Task statement: Beneath this line sits some data. Return only its lines from the one holding "北美后花园墨西哥也同样在 2024 年提高了部分车型关税。土耳其之前也宣布,对所有中国进口汽车(包括燃油车)加征" through the one holding "Björkdala ordlek t-shirt", inclusive, exactly, with the images removed.

Entries shown:
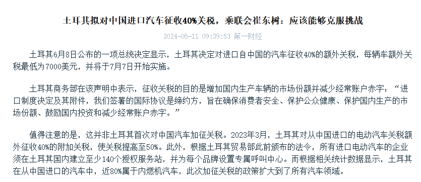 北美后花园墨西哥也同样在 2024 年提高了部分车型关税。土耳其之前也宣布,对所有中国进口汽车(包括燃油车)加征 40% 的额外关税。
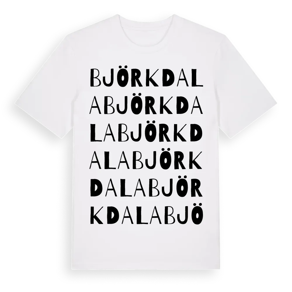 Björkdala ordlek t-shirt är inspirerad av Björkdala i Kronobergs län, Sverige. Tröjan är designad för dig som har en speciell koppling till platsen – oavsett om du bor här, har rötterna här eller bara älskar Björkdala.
==
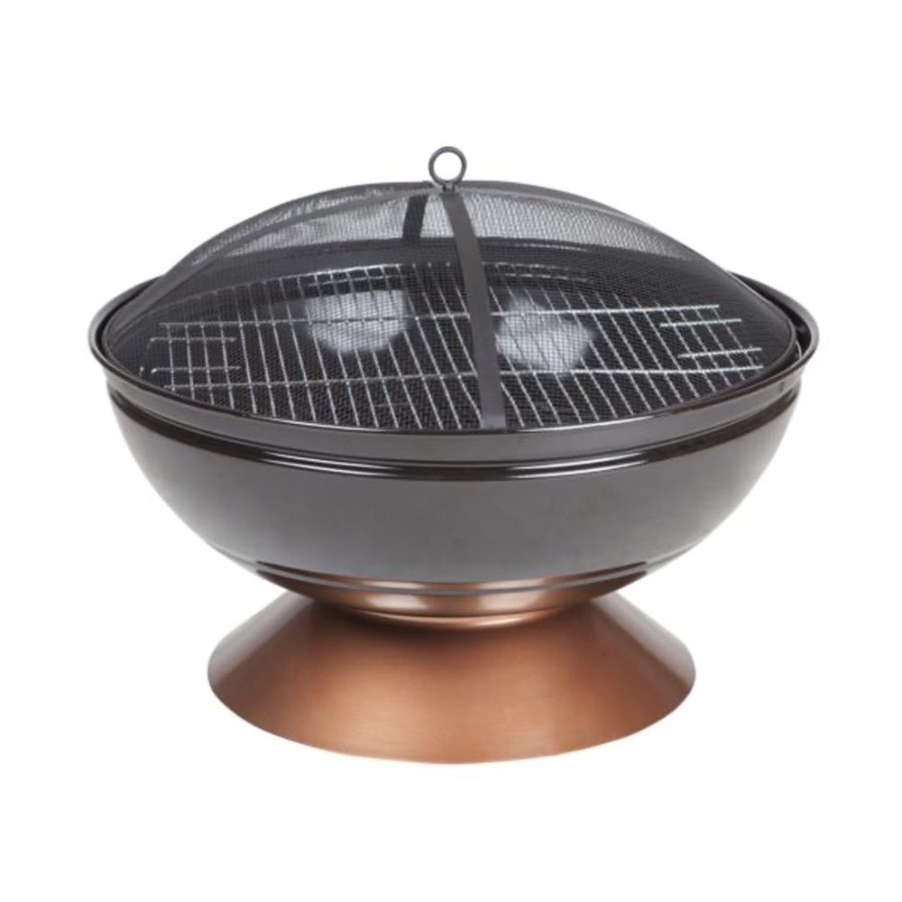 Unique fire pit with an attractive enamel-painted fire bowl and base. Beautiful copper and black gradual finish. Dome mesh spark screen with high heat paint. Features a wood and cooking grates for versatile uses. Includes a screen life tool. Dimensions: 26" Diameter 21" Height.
---
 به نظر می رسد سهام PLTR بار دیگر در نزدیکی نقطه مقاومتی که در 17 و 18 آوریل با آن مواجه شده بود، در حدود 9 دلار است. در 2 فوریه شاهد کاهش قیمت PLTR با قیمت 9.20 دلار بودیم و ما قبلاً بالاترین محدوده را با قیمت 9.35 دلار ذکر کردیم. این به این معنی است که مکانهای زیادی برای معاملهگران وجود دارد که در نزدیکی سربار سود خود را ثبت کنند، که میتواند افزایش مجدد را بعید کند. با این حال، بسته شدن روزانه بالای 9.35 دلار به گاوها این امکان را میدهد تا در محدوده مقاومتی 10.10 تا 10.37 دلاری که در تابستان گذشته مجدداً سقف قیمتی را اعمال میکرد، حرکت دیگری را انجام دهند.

Task solution:
 北美后花园墨西哥也同样在 2024 年提高了部分车型关税。土耳其之前也宣布,对所有中国进口汽车(包括燃油车)加征 40% 的额外关税。
 Björkdala ordlek t-shirt är inspirerad av Björkdala i Kronobergs län, Sverige. Tröjan är designad för dig som har en speciell koppling till platsen – oavsett om du bor här, har rötterna här eller bara älskar Björkdala.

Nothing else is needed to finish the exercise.